After more than 20 days of detention and a humiliating public confession that many believe was forced, a Swedish human rights activist who was working in Beijing has been expelled from the country, and is believed to be on his way home.
The Chinese foreign ministry and Swedish embassy in Beijing confirmed Peter Dahlin, 35, had been released from detention and expelled from the country on Monday (Jan. 25) evening. Chinese authorities said in a statement he was suspected of “funding criminal activities harmful to China’s national security” and would be expelled, the New York Times reports.
The Swedish embassy in Beijing sent this statement from foreign minister Margot Wallström to Quartz:
I welcome that Peter Dahlin has been released and can be reunited with his family in Sweden. This has come about following frequent contact between the Swedish Ministry for Foreign Affairs and Chinese representatives.

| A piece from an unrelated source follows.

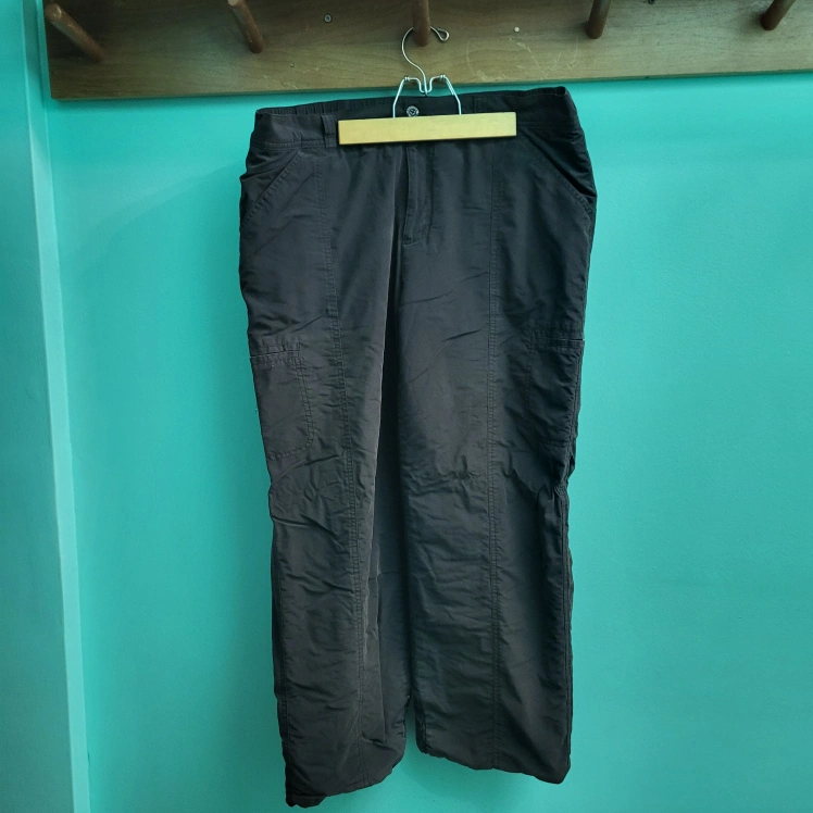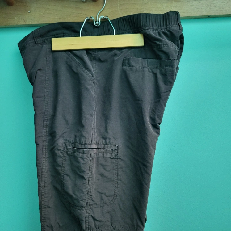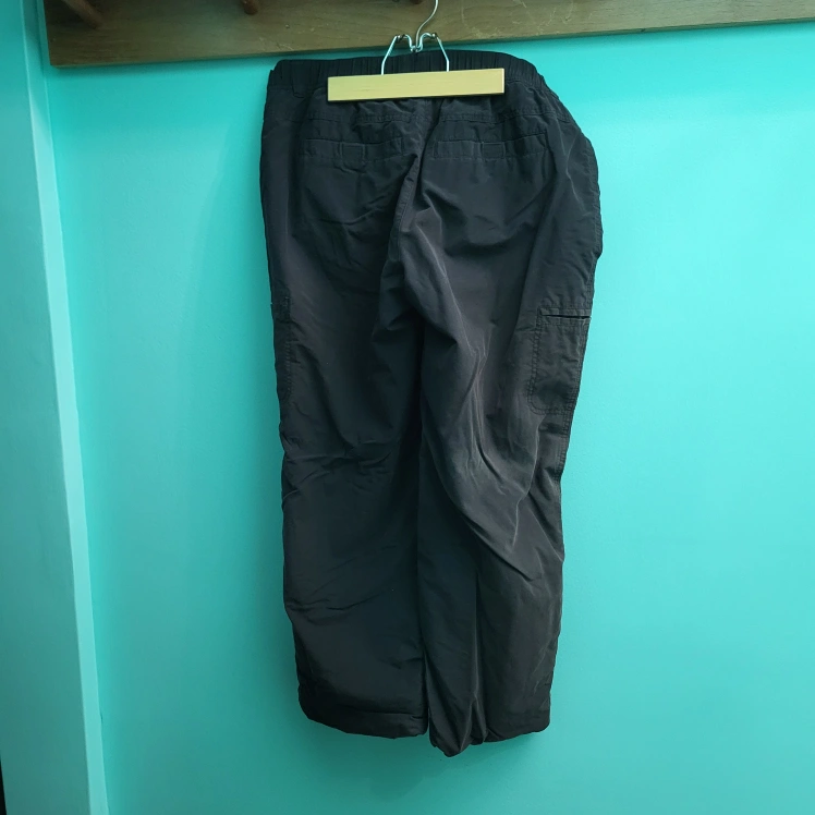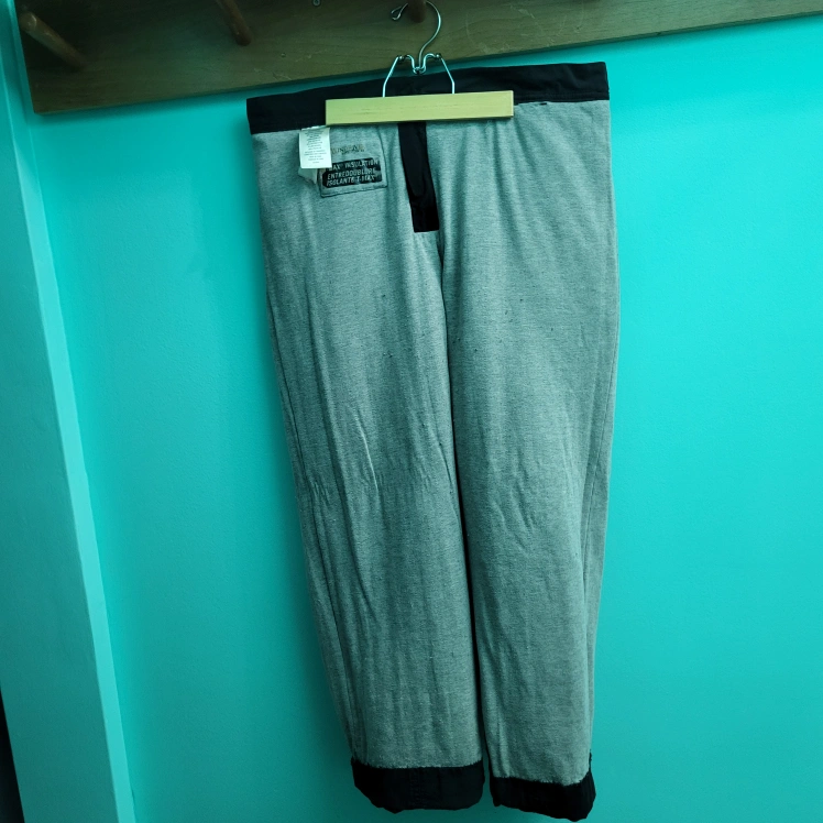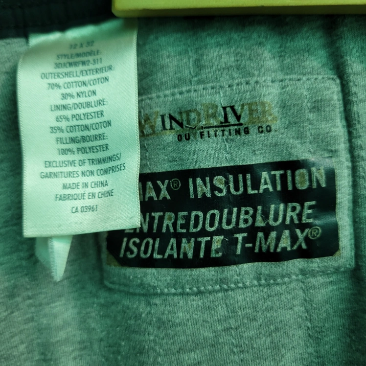 Wind River T-Max insulated pants in size 12. The outer shell is made of 70% cotton and 30% nylon, while the lining is 65% polyester and 35% cotton. The filling is 100% polyester.
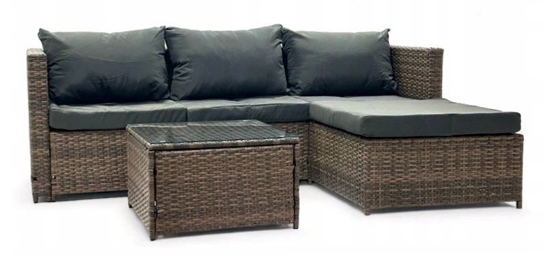 - Wykonany jest z metalowej konstrukcji pokrytej technorattanem

Dahlin’s detention and subsequent treatment has raised serious international concerns about China’s commitment to the rule of law, as the US State Department said pointedly on Jan. 21.
Dahlin was picked up on his way to a Beijing airport earlier this month, and held for more than a week without his government being allowed to visit him. He appeared on Chinese state television, where he made a confession his colleagues believe was forced.
What Dahlin actually admitted to in his televised confession, and what a voice-over in Chinese said he had admitted to, were two very different things, as Quartz reported earlier. Discrepancies included his alleged “funding” of Chinese activists (Dahlin said “support” in his confession, which was in English), and an accusation that he had embezzled money from foreign NGOs, which Dahlin never admitted to.
His detention comes as China has been cracking down on human rights lawyers and activists. Over one weekend in July 2015, Chinese authorities netted more than 100 lawyers and human rights defenders across the country, including associates with the Beijing Fengrui law firm who later confessed to crimes on CCTV. Dahlin previously worked with one associate of Fengrui. More recently, several human rights activists and lawyers were charged with the serious crime of “subversion of state power,” which carries a life sentence.
Another Swedish citizen, Hong Kong-based bookseller Gui Minhai, remains in custody in Beijing after his suspected abduction from Thailand by Chinese authorities. Swedish officials are “very concerned about the detained Swedish citizen Gui Minhai. Our efforts to bring clarity to his situation and be granted the opportunity to visit him continue with unabated intensity,” the Swedish embassy said in its statement.